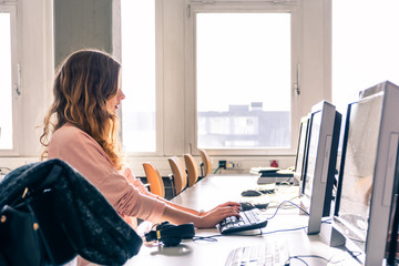 young woman in computer lab
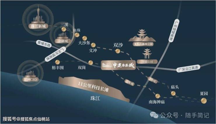 中建海丝城是广州市“十四五”规划中老黄埔双沙旧村改造的核心工程,被定位为“广深科技创新走廊的产城融合示范区”。由中建八局和知识城集团联袂打造,占地面积214,900㎡,建筑面积823,200㎡,总规划7个组团,容积率4.59,绿化率35%,车位配比约1:1.12。
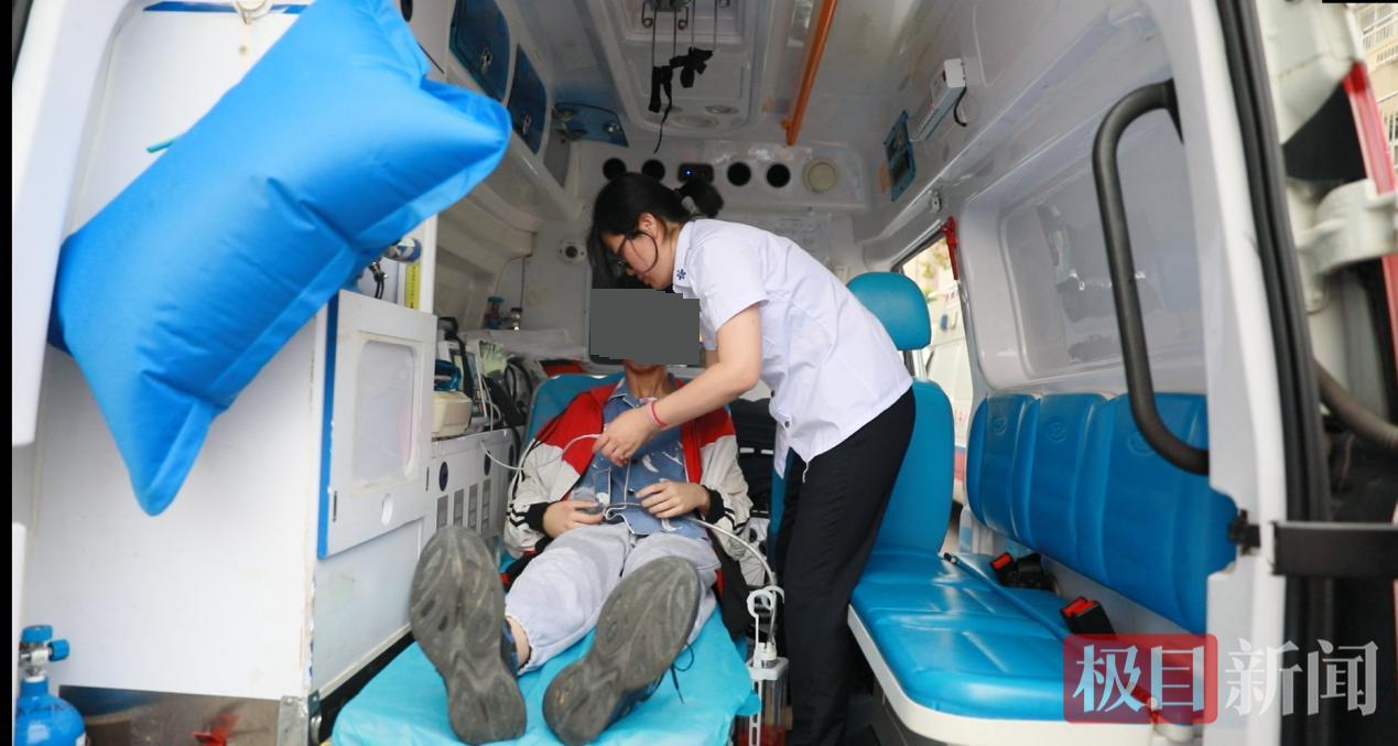 6月7日上午,小张在黄石市中医医院医护人员的陪同下,携带氧气瓶等必要救护设备,走进考场。

========================================================================

Assignment => Restate all the material verbatim; omit every picture.

Exercise response =>
 young woman in computer lab
 中建海丝城是广州市“十四五”规划中老黄埔双沙旧村改造的核心工程,被定位为“广深科技创新走廊的产城融合示范区”。由中建八局和知识城集团联袂打造,占地面积214,900㎡,建筑面积823,200㎡,总规划7个组团,容积率4.59,绿化率35%,车位配比约1:1.12。
 6月7日上午,小张在黄石市中医医院医护人员的陪同下,携带氧气瓶等必要救护设备,走进考场。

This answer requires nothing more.